● **TASK REQUIREMENTS**: Restate all of the entries exactly, dropping any pictures they hold.

● **RECORDED INFORMATION**:
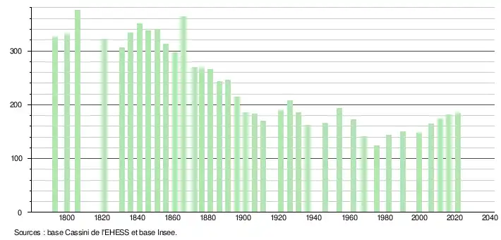 L'évolution du nombre d'habitants est connue à travers les recensements de la population effectués dans la commune depuis 1793. Pour les communes de moins de 10 000 habitants, une enquête de recensement portant sur toute la population est réalisée tous les cinq ans, les populations légales des années intermédiaires étant quant à elles estimées par interpolation ou extrapolation[32]. Pour la commune, le premier recensement exhaustif entrant dans le cadre du nouveau dispositif a été réalisé en 2006[33].
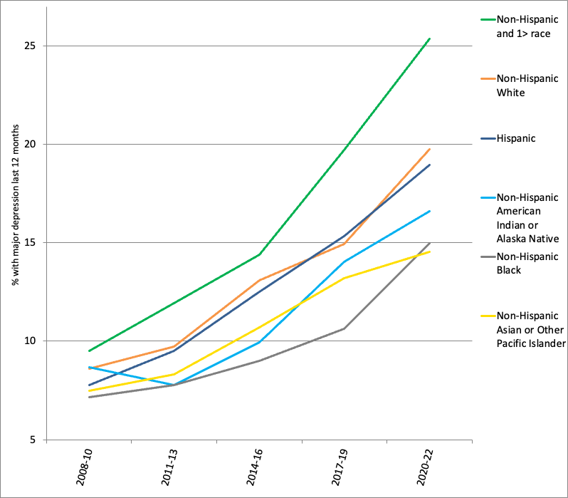 Figure 3: Major depressive episode among 12- to 17-year-olds, by race and ethnicity. Source: National Survey on Drug Use and Health. Note: Years are combined to increase sample size within racial and ethnic groups.
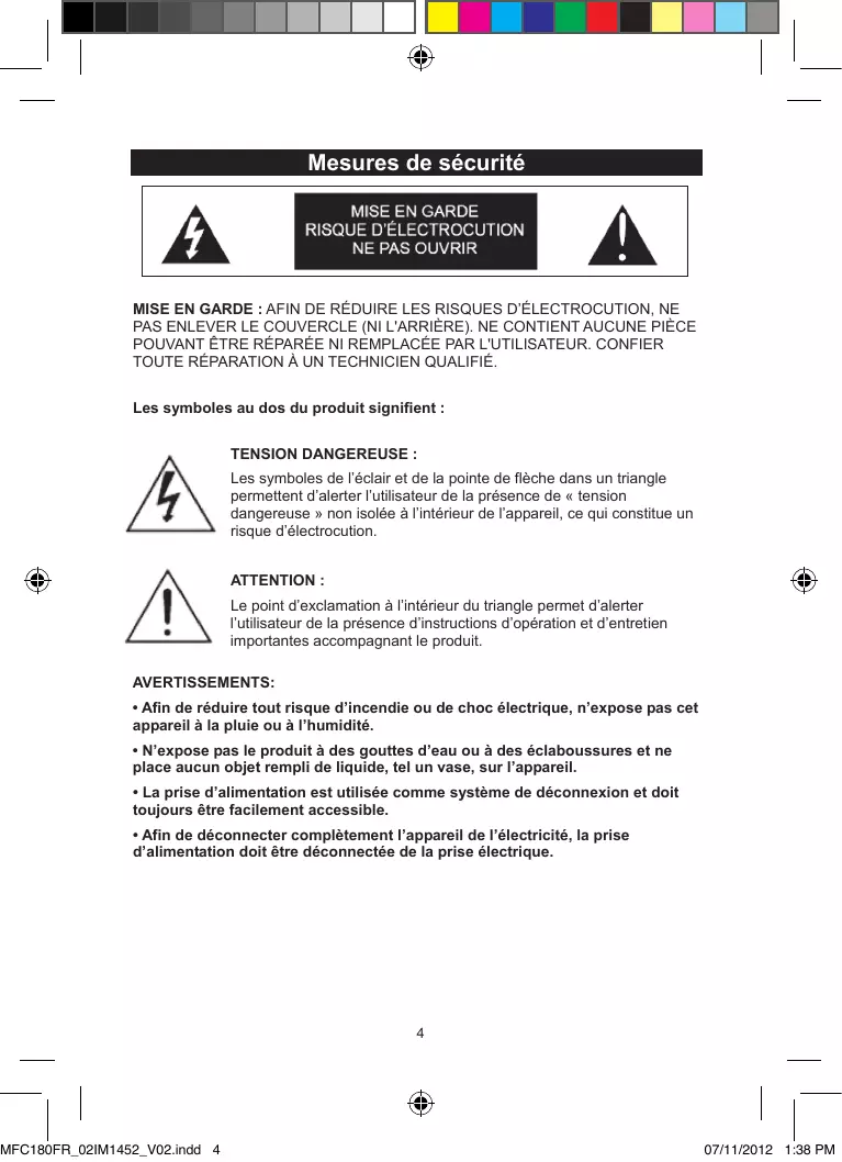 07/11/2012 1:38 PM Mesures de sécurité MISE EN GARDE : AFIN DE RÉDUIRE LES RISQUES D’ÉLECTROCUTION, NE PAS ENLEVER LE COUVERCLE (NI L'ARRIÈRE). NE CONTIENT AUCUNE PIÈCE POUVANT ÊTRE RÉPARÉE NI REMPLACÉE PAR L'UTILISATEUR. CONFIER TOUTE RÉPARATION À UN TECHNICIEN QUALIFIÉ. Les symboles au dos du produit signifient : TENSION DANGEREUSE : Les symboles de l’éclair et de la pointe de flèche dans un triangle permettent d’alerter l’utilisateur de la présence de « tension dangereuse » non isolée à l’intérieur de l’appareil, ce qui constitue un risque d’électrocution. ATTENTION : Le point d’exclamation à l’intérieur du triangle permet d’alerter l’utilisateur de la présence d’instructions d’opération et d’entretien importantes accompagnant le produit. AVERTISSEMENTS:
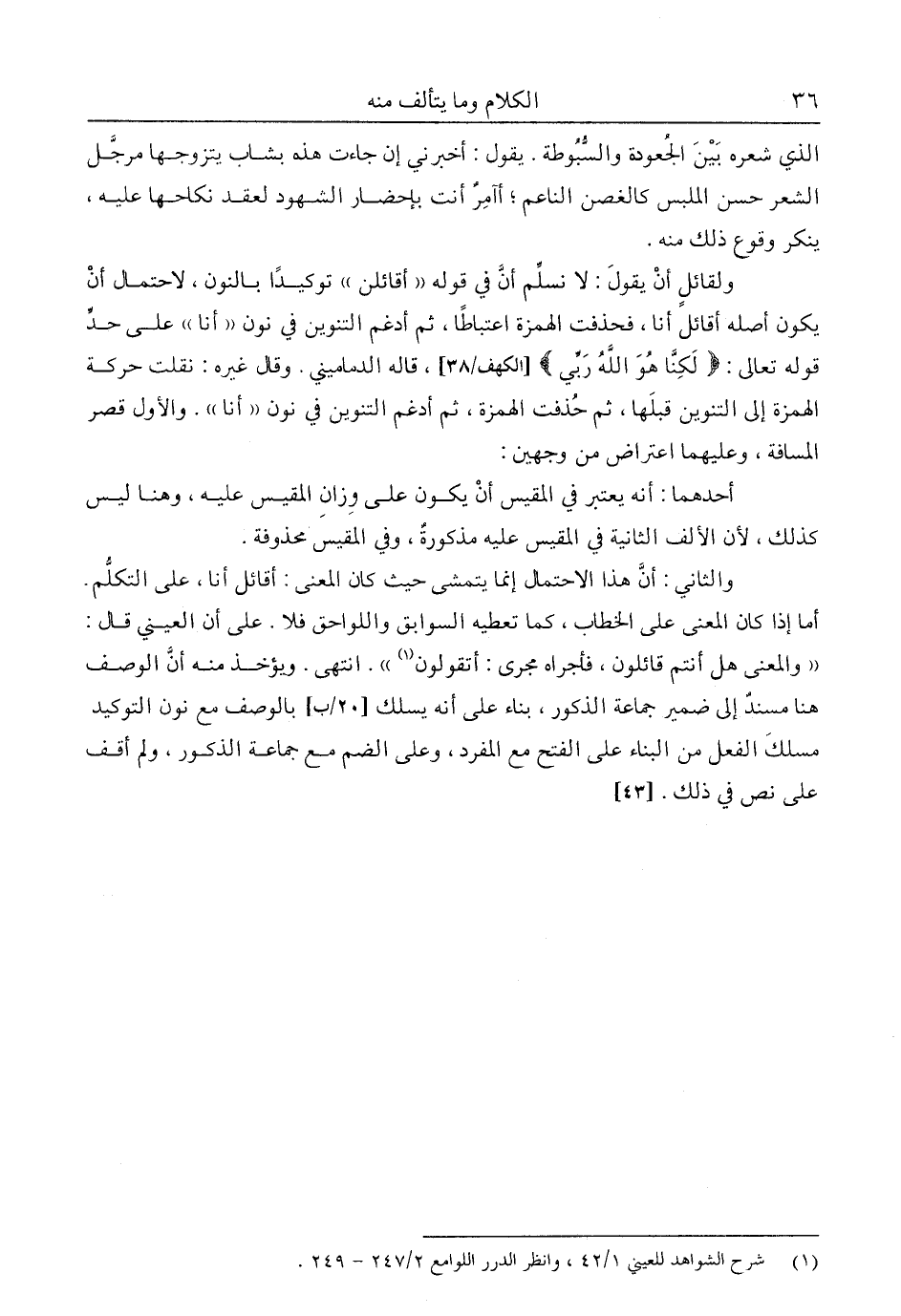 والثاني: أن هذا الاحتمال إنما يتمشى حيث كان المعنى: أقائل أنا، على التكلم. أما إذا كان المعنى على الخطاب، كما تعطيه السوابق واللواحق فلا. على أن العيني قال: "والمعنى هل أنتم قائلون، فأجراه مجرى: أتقولون1". ا. هـ. ويؤخذ منه أن الوصف هنا مسند إلى ضمير جماعة الذكور، بناء على أنه يسلك بالوصف مع نون التوكيد مسلك الفعل من البناء على الفتح مع المفرد، وعلى الضم مع جماعة الذكور، ولم أقف على نص في ذلك.
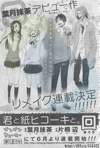 Martedì di questa settimana, con la pubblicazione del numero di maggio della rivista Gangan Joker edita dalla casa editrice Square Enix sarà annunciato ufficialmente il lancio di un nuovo manga. Si tratta a tutti gli effetti di un remake da parte dell’autrice Atari Katagiri (Vampire Hunter) del manga Kimi to Kami Hikōki to. (Tu, un aeroplano di carta e…), il primissimo manga di Matcha Hazuki autrice di Isshūkan Friends (Amici per una settimana). Il primo capitolo del remake sarà pubblicato sul numero di giugno di Gangan Joker e sarà intitolato Kimi to Kami Hikōki to Meguri (Tu, un aeroplano di carta, e… rotazione.)
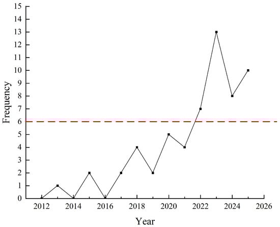 As shown in Figure 2, the amount of literature on this topic has increased, particularly since 2020. The numbers of articles published on transboundary waste management in 2023 and 2024 were 13 and 8, respectively. As of 12 November 2025, nine papers had been published that year. This indicates that the volume of literature in 2025 is on an upward trend. Furthermore, the number of publications in each of the past three years has exceeded the levels observed in 2022 and earlier. This indicates a growing interest in and heightened focus among scholars on cross-regional waste management. The rise in this research boom is inseparable from the advancement of relevant policies and technological progress worldwide. At the policy level, regional strategies such as China’s “Zero-Waste Cities” initiative [26] and the Circular Economy Action Plan under the EU Green New Deal [27] have designated cross-regional collaboration as a key pathway for waste management. Simultaneously, international regulatory frameworks such as the Basel Convention [28] amendments have spurred greater academic focus on compliance in transboundary waste movements. Technologically, the maturity of blockchain technology [29,30] and digital tools such as route optimization algorithms [31] has made real-time tracking and scheduling of cross-regional waste feasible. In recent years, articles concerning cross-regional waste management have focused on various aspects, such as stakeholder relationships [32,33], management mechanisms for the waste life cycle [34,35], waste material flow analysis [36,37], and waste trade mechanisms [30,38].
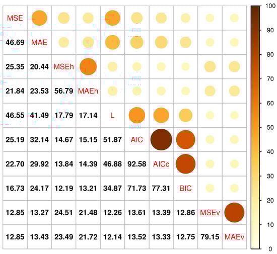 Percentage of time series where the model being selected based on a particular criterion is the same as that being selected according to another criterion. The percentages are computed in a pairwise fashion by considering the complete data set (91,444 series).
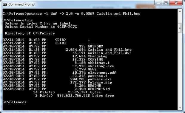 El comando para usar PoTrace también se muestra en la imagen adjunta con un valor de - O más grande. El comando "dir" muestra en el gráfico enumera los archivos en el directorio actual. Este directorio listado para PoTrace muestra el archivo ejecutable "potrace.exe", el archivo de entrada "Caitlin_and_Phil.bmp" y el archivo de salida "Caitlin_and_Phil.dxf". Es este archivo de salida DXF que se abrirá en FlowPath en pasos.
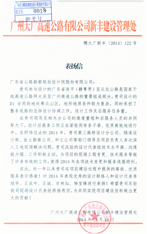 近日,廣州大廣高速公路有限公司新豐建設管理處發來表揚信,對我司在大廣高速連平至從化段項目中提供的高效、優質服務表示贊揚,同時對負責該項目的第三路橋設計分公司等組織和個人給予了通報表揚。特此報喜。
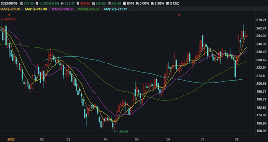 业绩快报披露后的头个交易日,古井贡酒便以涨停价234.67元/股(不复权,下同)收盘,次日涨幅又达6.53%。截至8月8日,股价收盘于255元/股,仍处今年以来高位区域。
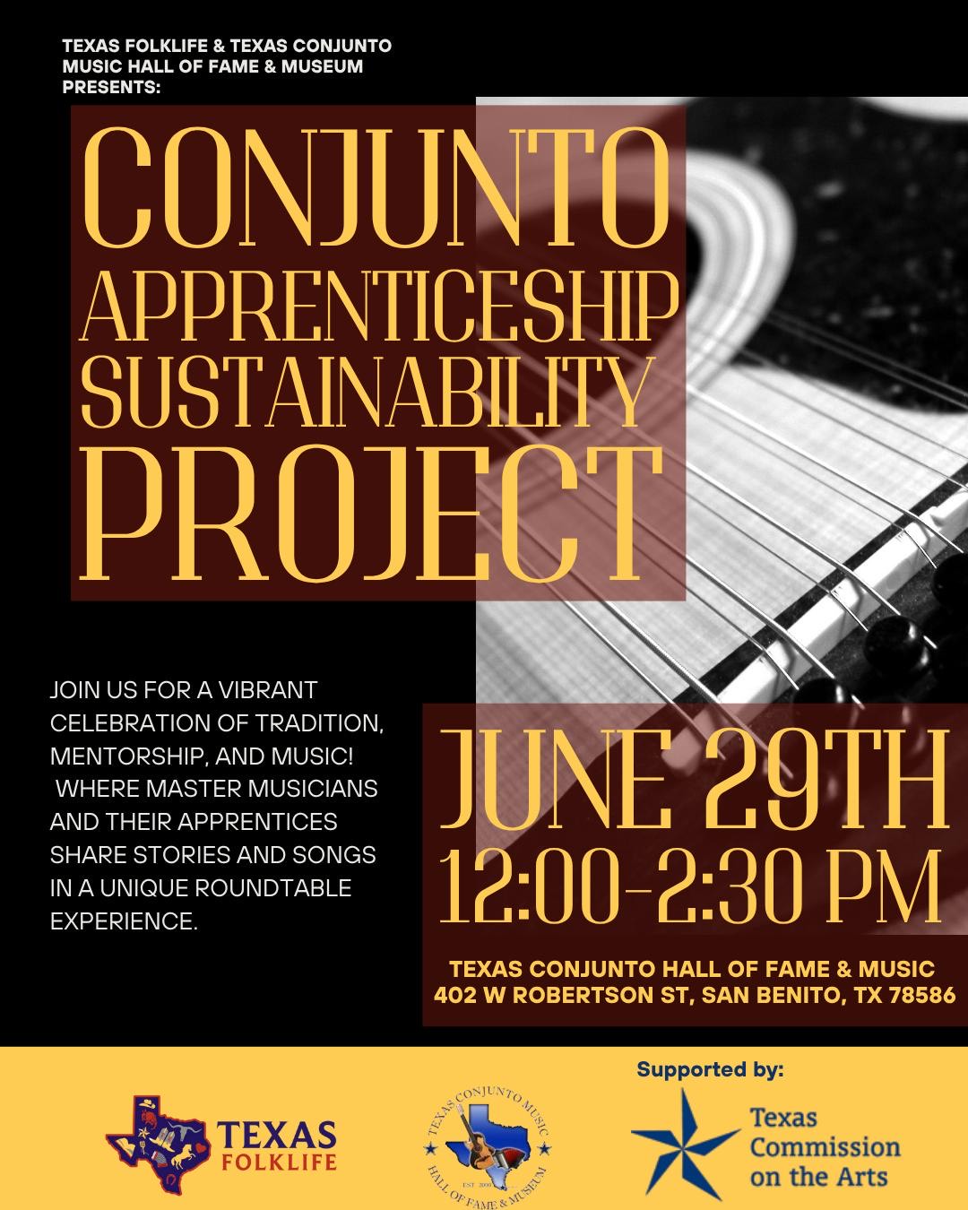 Conjunto Apprenticeship Sustainability Project Texas Conjunto Hall of Fame & Music – San Benito, TX Sunday, June 29th | 12:00–2:30…
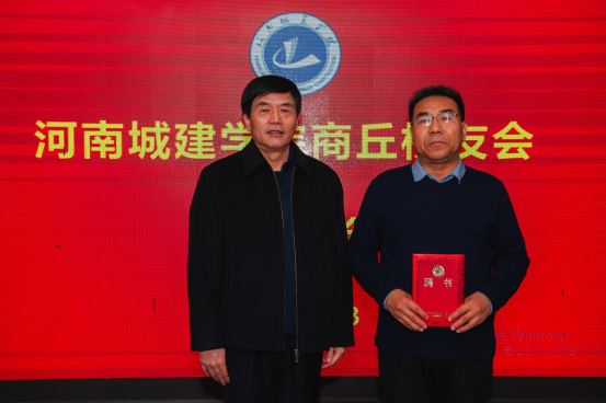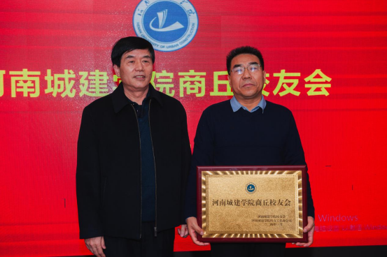 宿金勇为商丘校友会授牌,并为第一届理事会会长颁发聘书,宋新生为第一届理事会副会长、秘书长颁发聘书,秦小锋、杨毅分别为第一届理事会理事颁发聘书。孙杰为副秘书长颁发聘书。
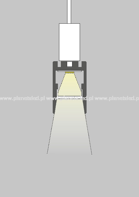 Ukryte źródło światła w oprawie zapewnia wyższy komfort przebywania we wnętrzach z dużą ilością opraw oświetleniowych. Zagłębione źródło światła w profilu PDS-ZMG utrudnia kontakt wzrokowy z najjaśniejszym elementem oprawy.
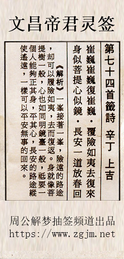 文昌帝君灵签第七十四签:辛丁上吉
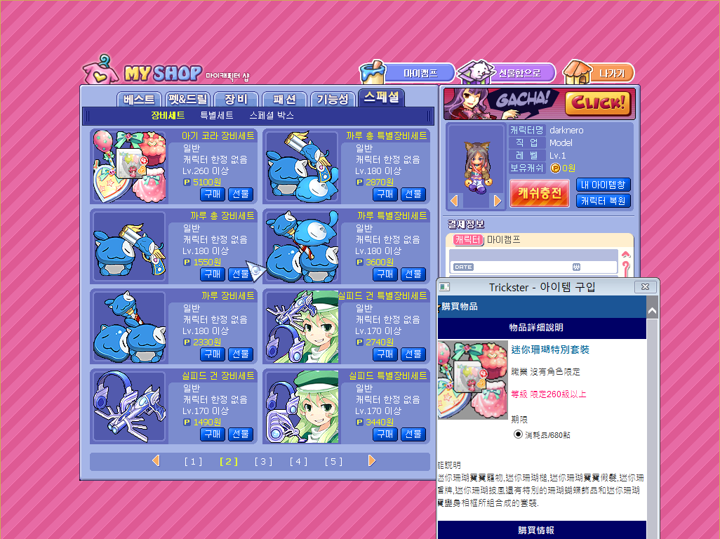 트릭스터 캐시샵 누르면 튕기는데 알려주실분
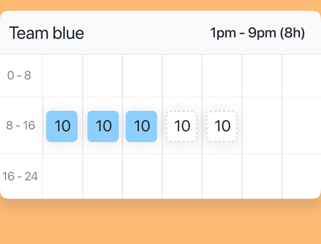 Pode planear e atribuir turnos aos trabalhadores rapidamente por meio da interface intuitiva da plataforma. Utilize dados como pontuações de assiduidade, classificações de desempenho e disponibilidade para tomar decisões informadas. Isto garante que as pessoas certas estão nas funções certas, melhorando a produtividade geral e reduzindo os conflitos de agendamento.
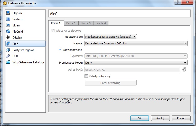 Jak zmieniam na mostek to debian nie nawiązuje połączenia sieciowego w ogóle (nawet po restarcie), a ustawienie wygląda tak:
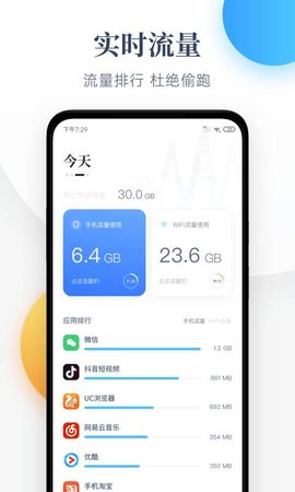 实时计算统计手机应用程序流量消耗情况,助你最大限度提高移动数据流量使用效率,节省流量;

● **SOLUTION FOR THIS PROBLEM**:
 L'évolution du nombre d'habitants est connue à travers les recensements de la population effectués dans la commune depuis 1793. Pour les communes de moins de 10 000 habitants, une enquête de recensement portant sur toute la population est réalisée tous les cinq ans, les populations légales des années intermédiaires étant quant à elles estimées par interpolation ou extrapolation[32]. Pour la commune, le premier recensement exhaustif entrant dans le cadre du nouveau dispositif a été réalisé en 2006[33].
 Figure 3: Major depressive episode among 12- to 17-year-olds, by race and ethnicity. Source: National Survey on Drug Use and Health. Note: Years are combined to increase sample size within racial and ethnic groups.
 07/11/2012 1:38 PM Mesures de sécurité MISE EN GARDE : AFIN DE RÉDUIRE LES RISQUES D’ÉLECTROCUTION, NE PAS ENLEVER LE COUVERCLE (NI L'ARRIÈRE). NE CONTIENT AUCUNE PIÈCE POUVANT ÊTRE RÉPARÉE NI REMPLACÉE PAR L'UTILISATEUR. CONFIER TOUTE RÉPARATION À UN TECHNICIEN QUALIFIÉ. Les symboles au dos du produit signifient : TENSION DANGEREUSE : Les symboles de l’éclair et de la pointe de flèche dans un triangle permettent d’alerter l’utilisateur de la présence de « tension dangereuse » non isolée à l’intérieur de l’appareil, ce qui constitue un risque d’électrocution. ATTENTION : Le point d’exclamation à l’intérieur du triangle permet d’alerter l’utilisateur de la présence d’instructions d’opération et d’entretien importantes accompagnant le produit. AVERTISSEMENTS:
 والثاني: أن هذا الاحتمال إنما يتمشى حيث كان المعنى: أقائل أنا، على التكلم. أما إذا كان المعنى على الخطاب، كما تعطيه السوابق واللواحق فلا. على أن العيني قال: "والمعنى هل أنتم قائلون، فأجراه مجرى: أتقولون1". ا. هـ. ويؤخذ منه أن الوصف هنا مسند إلى ضمير جماعة الذكور، بناء على أنه يسلك بالوصف مع نون التوكيد مسلك الفعل من البناء على الفتح مع المفرد، وعلى الضم مع جماعة الذكور، ولم أقف على نص في ذلك.
 Martedì di questa settimana, con la pubblicazione del numero di maggio della rivista Gangan Joker edita dalla casa editrice Square Enix sarà annunciato ufficialmente il lancio di un nuovo manga. Si tratta a tutti gli effetti di un remake da parte dell’autrice Atari Katagiri (Vampire Hunter) del manga Kimi to Kami Hikōki to. (Tu, un aeroplano di carta e…), il primissimo manga di Matcha Hazuki autrice di Isshūkan Friends (Amici per una settimana). Il primo capitolo del remake sarà pubblicato sul numero di giugno di Gangan Joker e sarà intitolato Kimi to Kami Hikōki to Meguri (Tu, un aeroplano di carta, e… rotazione.)
 As shown in Figure 2, the amount of literature on this topic has increased, particularly since 2020. The numbers of articles published on transboundary waste management in 2023 and 2024 were 13 and 8, respectively. As of 12 November 2025, nine papers had been published that year. This indicates that the volume of literature in 2025 is on an upward trend. Furthermore, the number of publications in each of the past three years has exceeded the levels observed in 2022 and earlier. This indicates a growing interest in and heightened focus among scholars on cross-regional waste management. The rise in this research boom is inseparable from the advancement of relevant policies and technological progress worldwide. At the policy level, regional strategies such as China’s “Zero-Waste Cities” initiative [26] and the Circular Economy Action Plan under the EU Green New Deal [27] have designated cross-regional collaboration as a key pathway for waste management. Simultaneously, international regulatory frameworks such as the Basel Convention [28] amendments have spurred greater academic focus on compliance in transboundary waste movements. Technologically, the maturity of blockchain technology [29,30] and digital tools such as route optimization algorithms [31] has made real-time tracking and scheduling of cross-regional waste feasible. In recent years, articles concerning cross-regional waste management have focused on various aspects, such as stakeholder relationships [32,33], management mechanisms for the waste life cycle [34,35], waste material flow analysis [36,37], and waste trade mechanisms [30,38].
 Percentage of time series where the model being selected based on a particular criterion is the same as that being selected according to another criterion. The percentages are computed in a pairwise fashion by considering the complete data set (91,444 series).
 El comando para usar PoTrace también se muestra en la imagen adjunta con un valor de - O más grande. El comando "dir" muestra en el gráfico enumera los archivos en el directorio actual. Este directorio listado para PoTrace muestra el archivo ejecutable "potrace.exe", el archivo de entrada "Caitlin_and_Phil.bmp" y el archivo de salida "Caitlin_and_Phil.dxf". Es este archivo de salida DXF que se abrirá en FlowPath en pasos.
 近日,廣州大廣高速公路有限公司新豐建設管理處發來表揚信,對我司在大廣高速連平至從化段項目中提供的高效、優質服務表示贊揚,同時對負責該項目的第三路橋設計分公司等組織和個人給予了通報表揚。特此報喜。
 业绩快报披露后的头个交易日,古井贡酒便以涨停价234.67元/股(不复权,下同)收盘,次日涨幅又达6.53%。截至8月8日,股价收盘于255元/股,仍处今年以来高位区域。
 Conjunto Apprenticeship Sustainability Project Texas Conjunto Hall of Fame & Music – San Benito, TX Sunday, June 29th | 12:00–2:30…
 宿金勇为商丘校友会授牌,并为第一届理事会会长颁发聘书,宋新生为第一届理事会副会长、秘书长颁发聘书,秦小锋、杨毅分别为第一届理事会理事颁发聘书。孙杰为副秘书长颁发聘书。
 Ukryte źródło światła w oprawie zapewnia wyższy komfort przebywania we wnętrzach z dużą ilością opraw oświetleniowych. Zagłębione źródło światła w profilu PDS-ZMG utrudnia kontakt wzrokowy z najjaśniejszym elementem oprawy.
 文昌帝君灵签第七十四签:辛丁上吉
 트릭스터 캐시샵 누르면 튕기는데 알려주실분
 Pode planear e atribuir turnos aos trabalhadores rapidamente por meio da interface intuitiva da plataforma. Utilize dados como pontuações de assiduidade, classificações de desempenho e disponibilidade para tomar decisões informadas. Isto garante que as pessoas certas estão nas funções certas, melhorando a produtividade geral e reduzindo os conflitos de agendamento.
 Jak zmieniam na mostek to debian nie nawiązuje połączenia sieciowego w ogóle (nawet po restarcie), a ustawienie wygląda tak:
 实时计算统计手机应用程序流量消耗情况,助你最大限度提高移动数据流量使用效率,节省流量;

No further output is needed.